Would you reproduce, word for word, only the lines running from the top of the data through the line containing "Over the last", and none of the pictures?
[[ Information shown open ]]
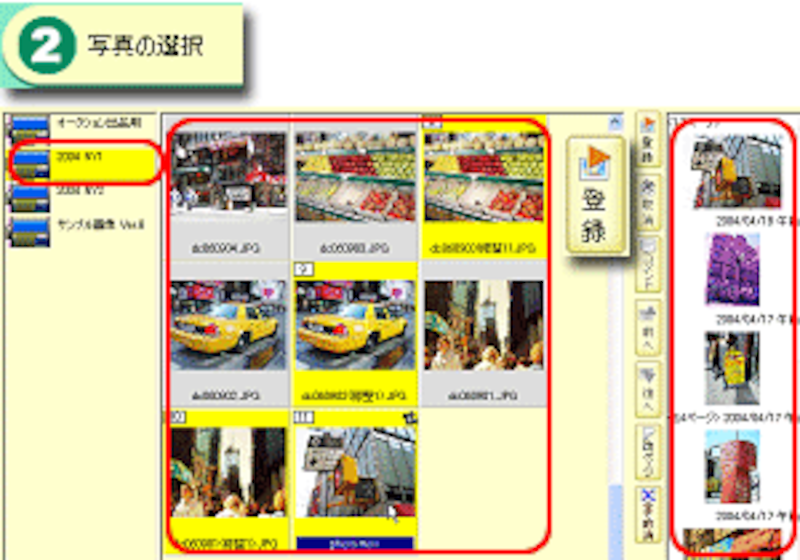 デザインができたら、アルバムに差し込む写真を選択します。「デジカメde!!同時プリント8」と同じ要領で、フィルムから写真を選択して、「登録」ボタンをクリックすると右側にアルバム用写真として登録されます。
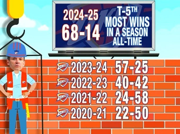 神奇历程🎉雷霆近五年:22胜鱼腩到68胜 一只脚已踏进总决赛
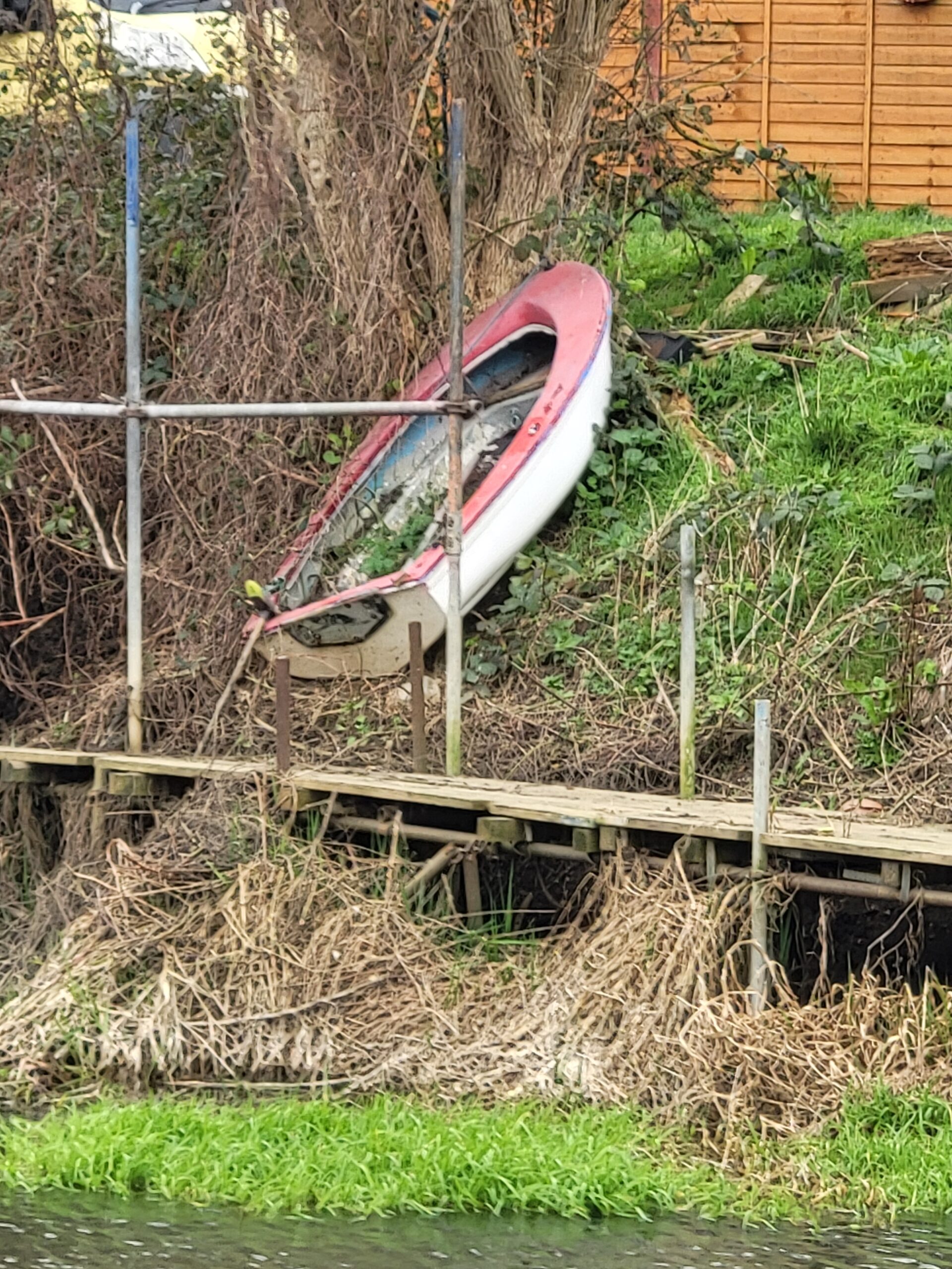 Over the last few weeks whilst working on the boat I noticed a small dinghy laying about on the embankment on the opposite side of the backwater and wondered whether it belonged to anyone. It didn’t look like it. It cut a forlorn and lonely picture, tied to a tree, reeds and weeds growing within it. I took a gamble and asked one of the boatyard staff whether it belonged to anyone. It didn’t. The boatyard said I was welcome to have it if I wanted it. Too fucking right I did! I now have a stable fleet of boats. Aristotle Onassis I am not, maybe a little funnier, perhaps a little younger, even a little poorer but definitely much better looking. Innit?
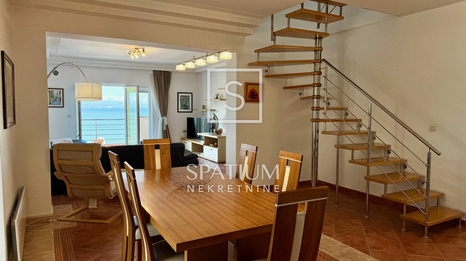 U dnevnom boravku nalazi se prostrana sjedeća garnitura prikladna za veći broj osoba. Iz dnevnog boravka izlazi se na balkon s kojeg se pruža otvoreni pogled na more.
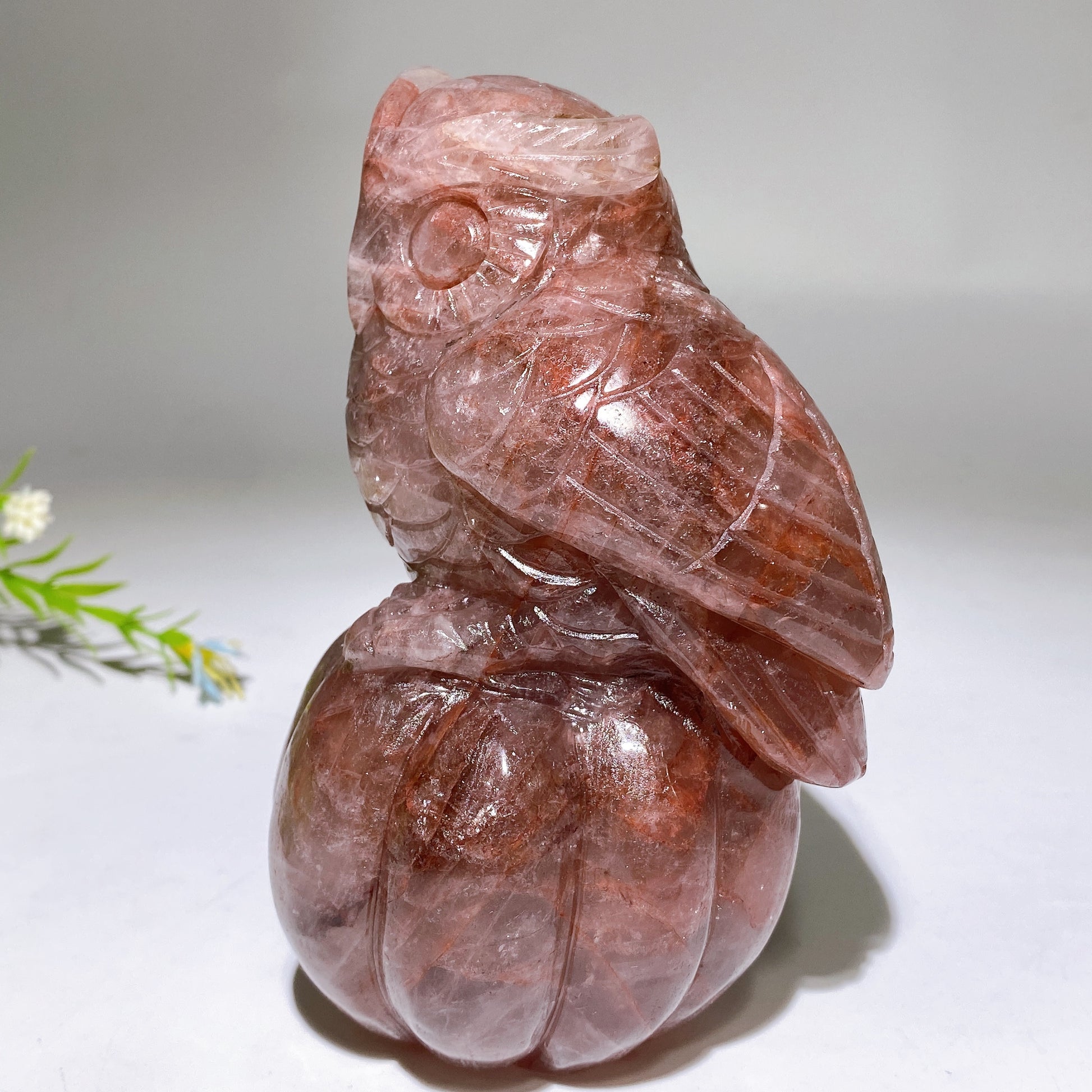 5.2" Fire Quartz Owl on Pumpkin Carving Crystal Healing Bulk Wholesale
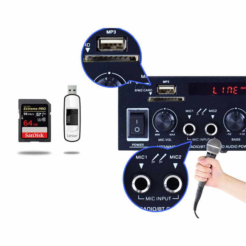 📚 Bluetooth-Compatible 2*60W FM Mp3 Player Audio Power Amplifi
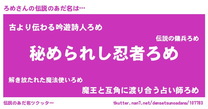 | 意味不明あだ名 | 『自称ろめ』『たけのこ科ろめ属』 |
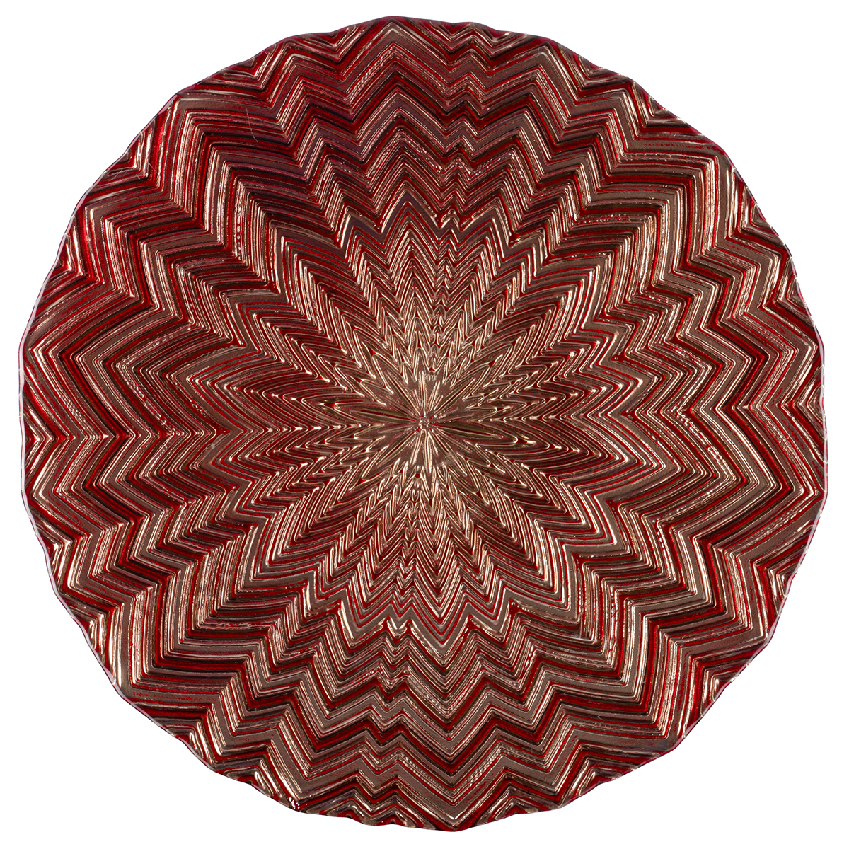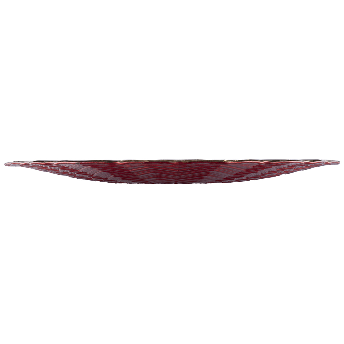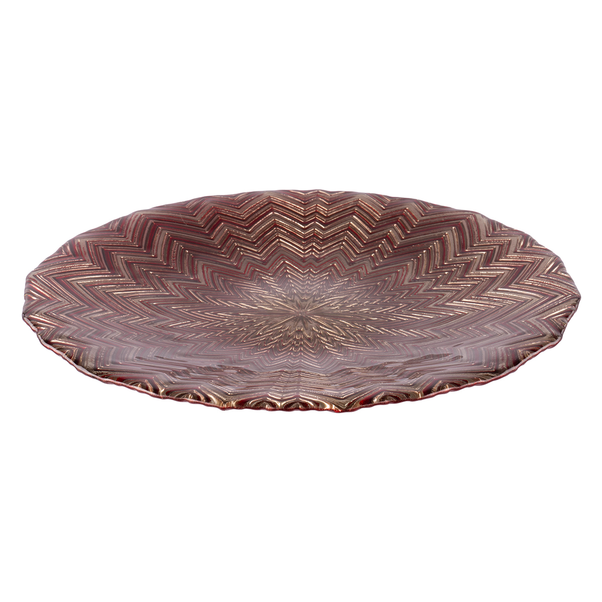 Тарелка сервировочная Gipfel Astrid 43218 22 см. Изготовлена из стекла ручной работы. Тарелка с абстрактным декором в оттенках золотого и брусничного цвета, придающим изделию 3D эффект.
[[ Information shown closed ]]
→ **Answer below**:
 デザインができたら、アルバムに差し込む写真を選択します。「デジカメde!!同時プリント8」と同じ要領で、フィルムから写真を選択して、「登録」ボタンをクリックすると右側にアルバム用写真として登録されます。
 神奇历程🎉雷霆近五年:22胜鱼腩到68胜 一只脚已踏进总决赛
 Over the last few weeks whilst working on the boat I noticed a small dinghy laying about on the embankment on the opposite side of the backwater and wondered whether it belonged to anyone. It didn’t look like it. It cut a forlorn and lonely picture, tied to a tree, reeds and weeds growing within it. I took a gamble and asked one of the boatyard staff whether it belonged to anyone. It didn’t. The boatyard said I was welcome to have it if I wanted it. Too fucking right I did! I now have a stable fleet of boats. Aristotle Onassis I am not, maybe a little funnier, perhaps a little younger, even a little poorer but definitely much better looking. Innit?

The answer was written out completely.